__The records__
——————————

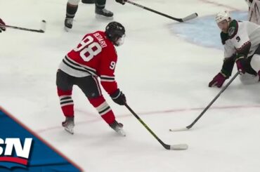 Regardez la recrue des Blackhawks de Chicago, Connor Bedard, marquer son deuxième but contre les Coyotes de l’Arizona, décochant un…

——————————

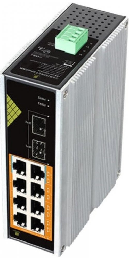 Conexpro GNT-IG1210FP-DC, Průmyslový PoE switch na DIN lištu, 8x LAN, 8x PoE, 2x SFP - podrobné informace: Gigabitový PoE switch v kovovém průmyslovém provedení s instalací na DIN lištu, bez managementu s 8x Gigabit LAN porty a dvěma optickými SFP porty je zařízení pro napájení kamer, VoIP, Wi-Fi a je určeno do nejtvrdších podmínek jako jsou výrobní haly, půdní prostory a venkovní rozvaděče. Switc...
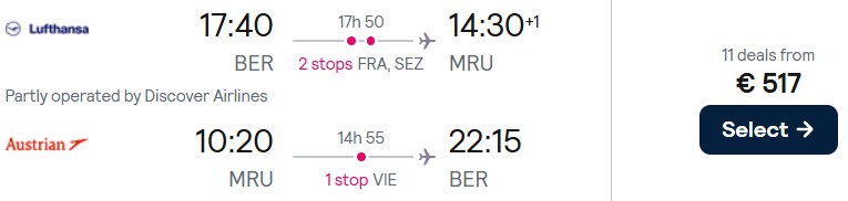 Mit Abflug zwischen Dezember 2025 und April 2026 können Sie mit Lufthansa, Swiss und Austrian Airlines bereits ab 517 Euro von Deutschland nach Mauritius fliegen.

——————————

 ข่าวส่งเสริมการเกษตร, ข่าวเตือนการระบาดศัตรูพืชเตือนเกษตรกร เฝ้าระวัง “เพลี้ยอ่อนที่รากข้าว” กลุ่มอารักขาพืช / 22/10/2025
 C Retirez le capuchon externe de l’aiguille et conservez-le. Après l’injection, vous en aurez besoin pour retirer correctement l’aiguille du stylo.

——————————

__What is needed__
Find the line with "Conexpro GNT-IG1210FP-DC, Průmyslový" in the entries above. Set down exactly every line from it up to and including the line with "Mit Abflug zwischen", images excluded.

__Answer space__
 Conexpro GNT-IG1210FP-DC, Průmyslový PoE switch na DIN lištu, 8x LAN, 8x PoE, 2x SFP - podrobné informace: Gigabitový PoE switch v kovovém průmyslovém provedení s instalací na DIN lištu, bez managementu s 8x Gigabit LAN porty a dvěma optickými SFP porty je zařízení pro napájení kamer, VoIP, Wi-Fi a je určeno do nejtvrdších podmínek jako jsou výrobní haly, půdní prostory a venkovní rozvaděče. Switc...
 Mit Abflug zwischen Dezember 2025 und April 2026 können Sie mit Lufthansa, Swiss und Austrian Airlines bereits ab 517 Euro von Deutschland nach Mauritius fliegen.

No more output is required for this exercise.